DATASET CONTENT Start Marker

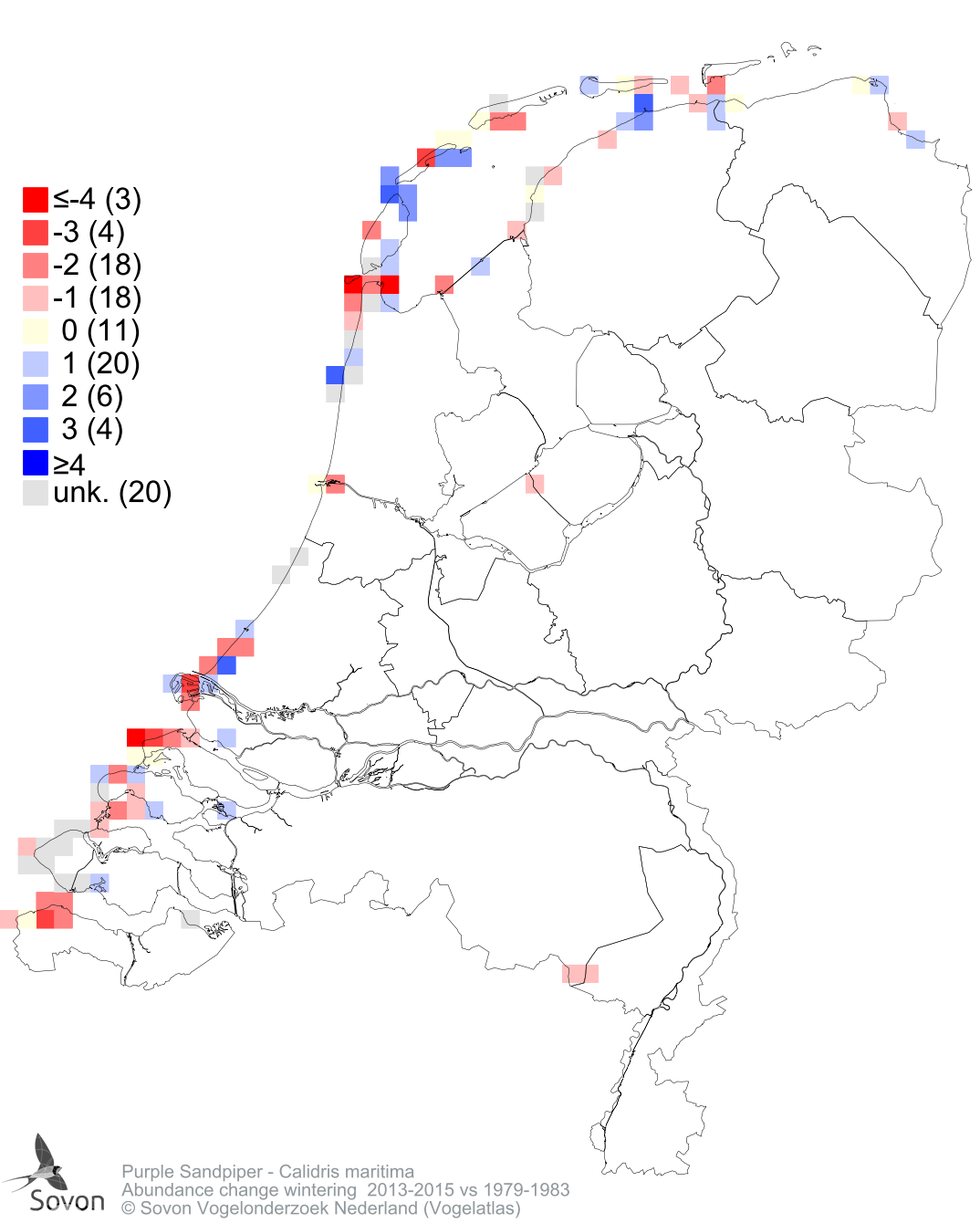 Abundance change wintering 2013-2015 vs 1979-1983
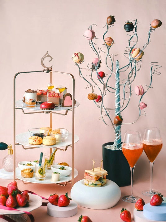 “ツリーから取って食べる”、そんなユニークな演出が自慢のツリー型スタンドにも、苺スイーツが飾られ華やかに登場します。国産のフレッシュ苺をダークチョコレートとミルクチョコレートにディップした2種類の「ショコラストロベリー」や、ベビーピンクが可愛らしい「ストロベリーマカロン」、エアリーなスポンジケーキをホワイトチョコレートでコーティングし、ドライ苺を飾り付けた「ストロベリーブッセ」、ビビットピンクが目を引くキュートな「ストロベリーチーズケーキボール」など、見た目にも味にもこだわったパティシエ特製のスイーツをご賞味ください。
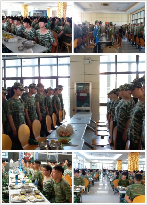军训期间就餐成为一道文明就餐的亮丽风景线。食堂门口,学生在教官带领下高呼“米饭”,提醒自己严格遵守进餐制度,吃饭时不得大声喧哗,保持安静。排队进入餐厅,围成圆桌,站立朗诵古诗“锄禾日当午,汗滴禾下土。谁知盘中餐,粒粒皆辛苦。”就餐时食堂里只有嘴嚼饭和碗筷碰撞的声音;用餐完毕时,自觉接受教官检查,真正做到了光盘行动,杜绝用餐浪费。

DATASET CONTENT End Marker

#### EXERCISE DIRECTIONS:
Take the listing and print it again exactly, but without any pictures.

#### WRITTEN RESPONSE:
 Abundance change wintering 2013-2015 vs 1979-1983
 “ツリーから取って食べる”、そんなユニークな演出が自慢のツリー型スタンドにも、苺スイーツが飾られ華やかに登場します。国産のフレッシュ苺をダークチョコレートとミルクチョコレートにディップした2種類の「ショコラストロベリー」や、ベビーピンクが可愛らしい「ストロベリーマカロン」、エアリーなスポンジケーキをホワイトチョコレートでコーティングし、ドライ苺を飾り付けた「ストロベリーブッセ」、ビビットピンクが目を引くキュートな「ストロベリーチーズケーキボール」など、見た目にも味にもこだわったパティシエ特製のスイーツをご賞味ください。
军训期间就餐成为一道文明就餐的亮丽风景线。食堂门口,学生在教官带领下高呼“米饭”,提醒自己严格遵守进餐制度,吃饭时不得大声喧哗,保持安静。排队进入餐厅,围成圆桌,站立朗诵古诗“锄禾日当午,汗滴禾下土。谁知盘中餐,粒粒皆辛苦。”就餐时食堂里只有嘴嚼饭和碗筷碰撞的声音;用餐完毕时,自觉接受教官检查,真正做到了光盘行动,杜绝用餐浪费。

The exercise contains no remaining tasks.